Tooth extractions

Details about our services

Why is tooth extraction necessary?

Sometimes injury or disease can damage your teeth, gums, or jawbone. Left untreated, this damage can lead to infection, inflammation, and other problems in the affected tooth, in other teeth, and in the rest of the body. In case like this surgical removal is the solution to prevent the other teeth from damage.

We always try to save teeth whenever possible but sometimes tooth extractions are your only option.

Reasons for tooth extraction

Some of these reasons are as follows:

  • Severe decay in the tooth that is not restorable with dental fillings or dental crowns;

  • Severe Infection around the tooth;

  • Periodontal disease with severe bone loss causing mobility of tooth;

  • Deep fractures in the tooth;

  • For orthodontic reasons.

What to expect with tooth extraction?

  • Before extracting the tooth, your dentist will give you an injection of a local anesthetic to numb the area where the tooth will be removed. In some instances, your dentist may use a strong general anesthetic. This will prevent pain throughout your body and make you sleep through the procedure;

  • To remove the tooth, the dentist must “Expand its socket” and Separate it from the ligament that binds it in place. After repeated cycles of side-to-side pressure, the entire socket gradually increases in size (expands). When enough space has been created and root’s ligament torn away enough, the tooth can be removed easily;

  • Closing the extraction site- once your tooth has been removed, your dentist will begin the process of closing your surgical site.

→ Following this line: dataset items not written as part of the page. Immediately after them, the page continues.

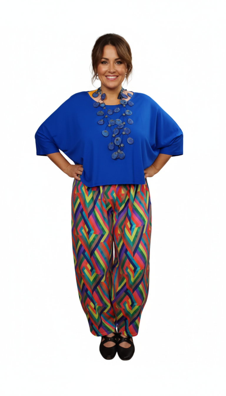 Door de vele kleuren in de broek past deze mooi met de vele shirts van Zazou, o.a A-line shirts, shirt Mery, kort of lang met korte mouw.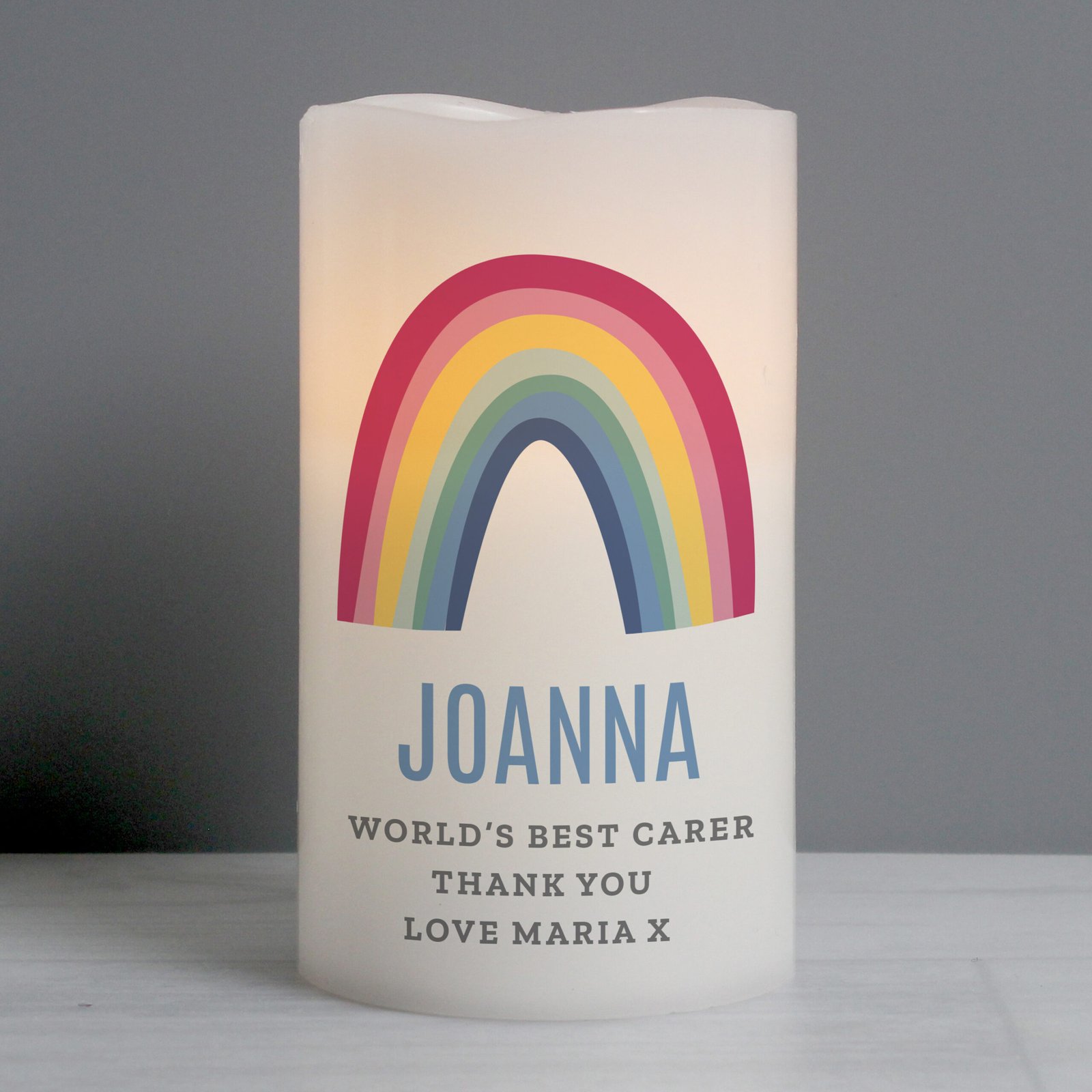 Illuminate their space with this charming Personalised Any Message Rainbow Design LED Pillar Candle—a beautiful and safe alternative to real candles. Perfect for adding a warm glow to any room, this candle can be personalised to make it truly unique and meaningful.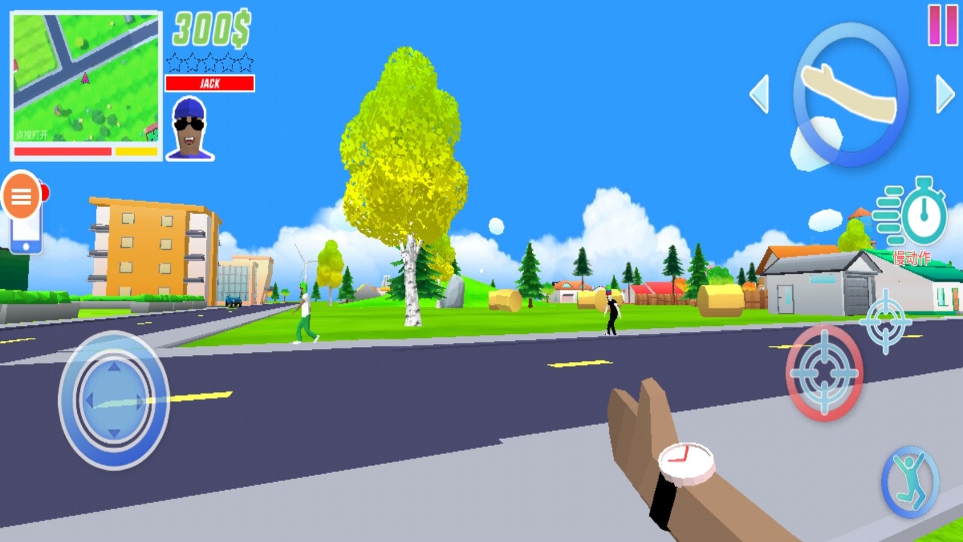 2、驾驶车辆在城市中自由驰骋,车辆行驶需要消耗燃油,左侧控制方向,右侧控制油门刹车。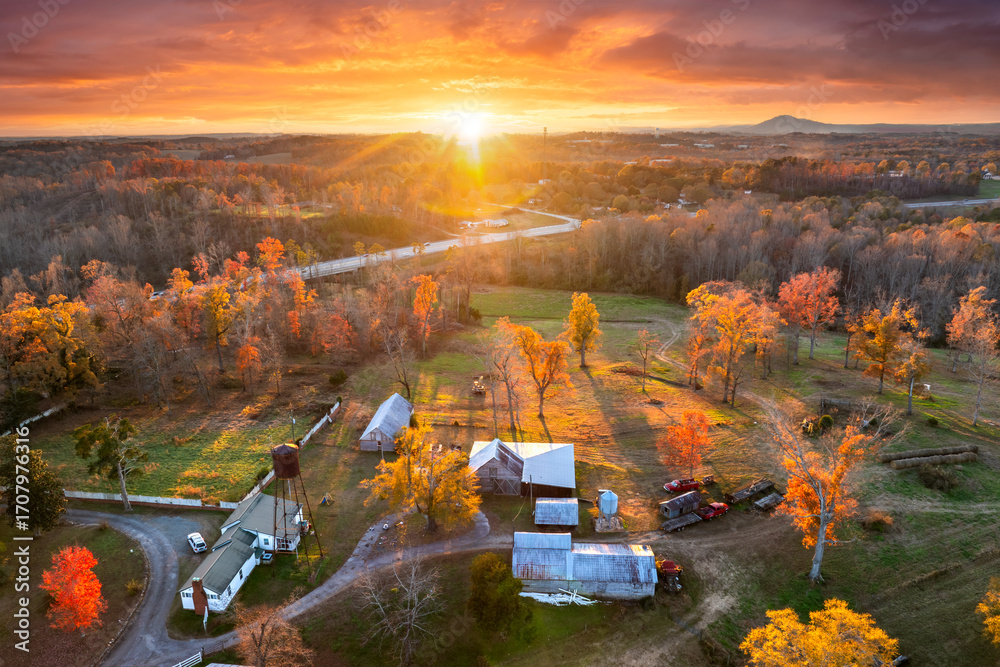 Fototapeta na wymiar - Large traditional homes in forest of autumn colors in Appalachian USA. Yellow and orange trees at sunset in North Carolina countryside..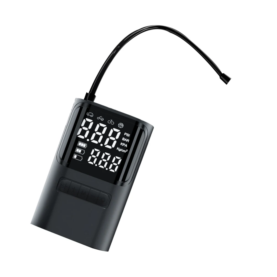 Ensure your tires are always at the perfect pressure with this Portable Electric Air Compressor. This smart, compact device is designed for ultimate versatility, capable of inflating car tires, motorcycles, bicycles, and sports equipment like basketballs with ease. Featuring a high-precision digital display and an integrated LED light, it provides a reliable solution for roadside emergencies or routine maintenance, anytime and anywhere.

Care after tooth extraction- The Dos & Don’ts

After 24 hours, you can rinse with an antibacterial mouthwash to clean up the extraction site. Allow yourself some time to heal and relax. Avoid any activities that are too physical or could affect your mouth in any way.
The healing time depends on several factors such as the size of the wound, the complexity of the surgery, and the patient’s status. For example, the surgical extraction of a wisdom tooth usually takes a longer time to heal than the extraction of a lower incisor. During the first 2 weeks following the extraction, the gum tissues will heal and close the wound. After 8 to 10 weeks, two-third of the extraction socket will fill with a new bone. The complete bone healing usually takes from 4 to 6 months.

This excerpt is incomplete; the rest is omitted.